The budget document said Canada would "address emerging risks, including virtual currencies, such as Bitcoin, that threaten Canada's international leadership in the fight against money laundering and terrorist financing."
The proposed legislation follows recommendations in a March 2013 report by a senate banking committee.
Unlike other currencies, Bitcoin does not have the backing of a central bank or government.
Instead, units are generated by a complex computer algorithm designed by one or more anonymous people in 2009.
A report last month by the International Institute of Finance (IIF), which represents more than 450 banks and financial institutions, said Bitcoin's future as a broadly accepted exchange medium is limited.

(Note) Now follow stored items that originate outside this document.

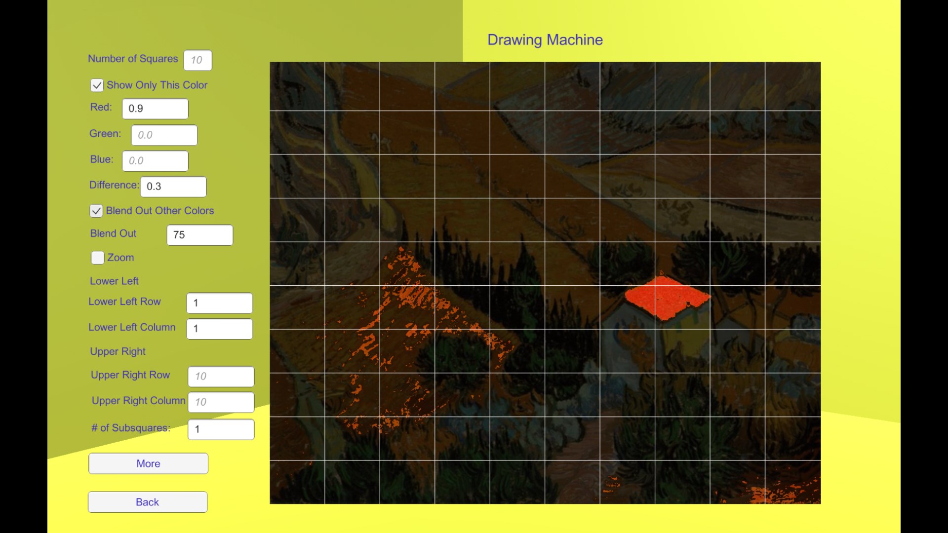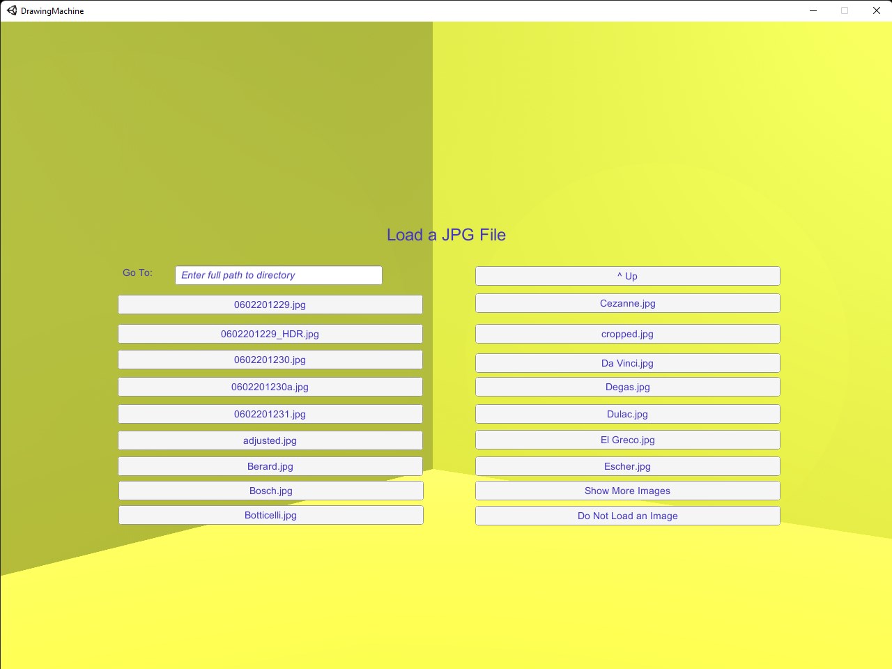 In 1525 Durer invented his drawing machine. It is a way to mechanically produce a picture. Drawing Machine is an implementation of this technique on a desktop that helps you draw a picture. This app will help you learn to draw. As your skill improves you can use the app less and less as you develop the proper mental repertoire for drawing pictures. This app is "Divide and Conquer" as it can be applied to drawing.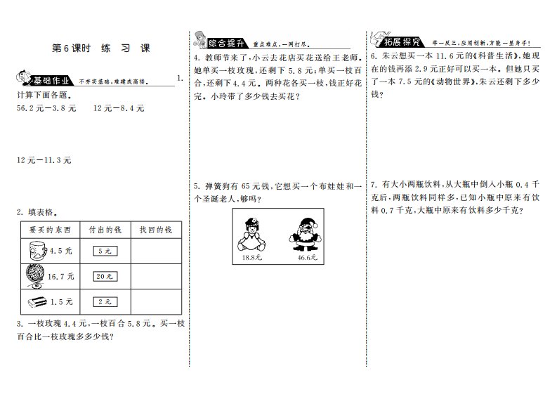 三年级数学上册8.6练习课·(北师大版)_共2页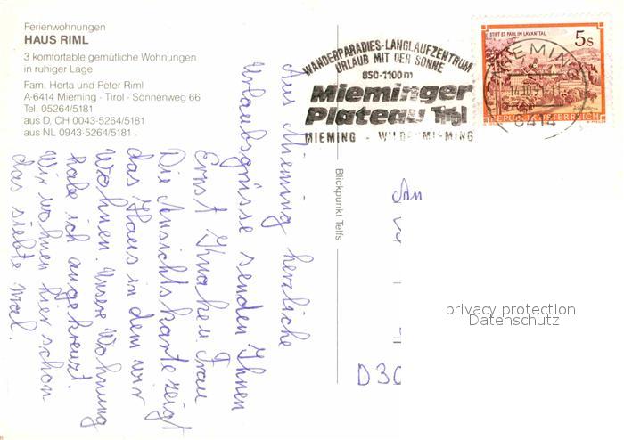 72763640 alte Postkarte Mieming Haus Riml postalisch gelaufen Erhaltung siehe scans [AndreD76] KatCode: 11390334070209
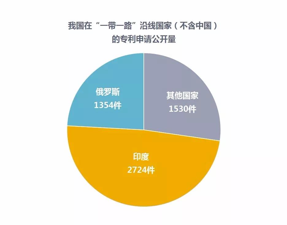 2017年,我国在“一带一路”沿线国家(不含中国)专利申请公开量为5,608件,同比增长16.0%。其中,在印度专利申请公开量为2,724件,在俄罗斯专利申请公开量为1,354件,专利申请初具规模。2017年,“一带一路”沿线国家在华申请专利4,319件,较2016年增长16.8%;在华申请专利的国家数达到41个,较2016年增加4个。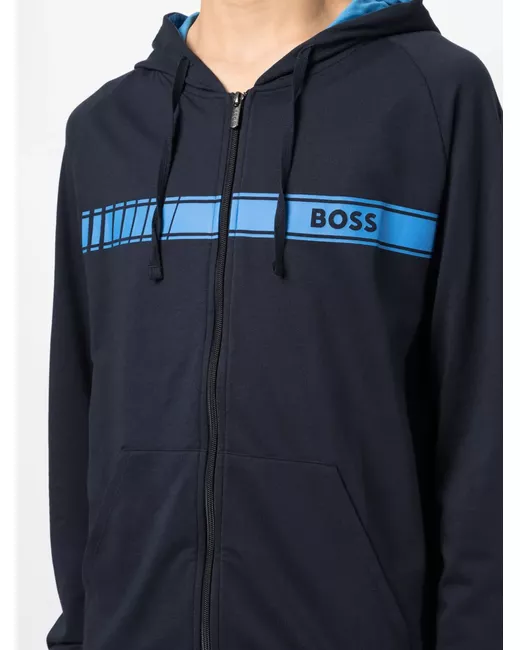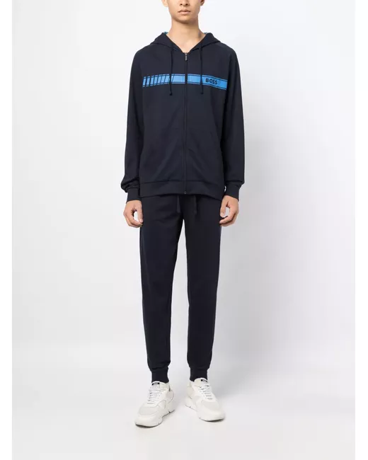 navy blue cotton logo print to the front drawstring hood front zip fastening long sleeves two front pouch pockets straight hem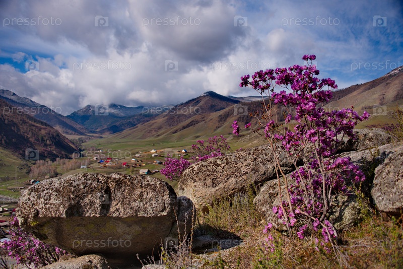 Россия. Юг Западной Сибири, весенние цветы Горного Алтая. Рододендрон. Период его цветения - главное событие весны в Горном Алтае, которое привлекает множество туристов

It concluded that more regulation of Bitcoin exchanges and transactions could strengthen its legitimacy among consumers and ease regulators' doubts.
But for the moment, the IIF report said, Bitcoin faces significant resistance.
China and Russia recently cracked down on the use of Bitcoin.
In the United States, New York state signaled plans to become the first jurisdiction to regulate businesses that handle virtual currencies.
Bitcoin's value meanwhile plunged this week after attacks on major exchanges, forcing three to suspend withdrawals.
A technical glitch apparently allowed fraudsters to flood exchanges with duplicate withdrawal requests, allowing them to convert the same Bitcoins twice into traditional currencies.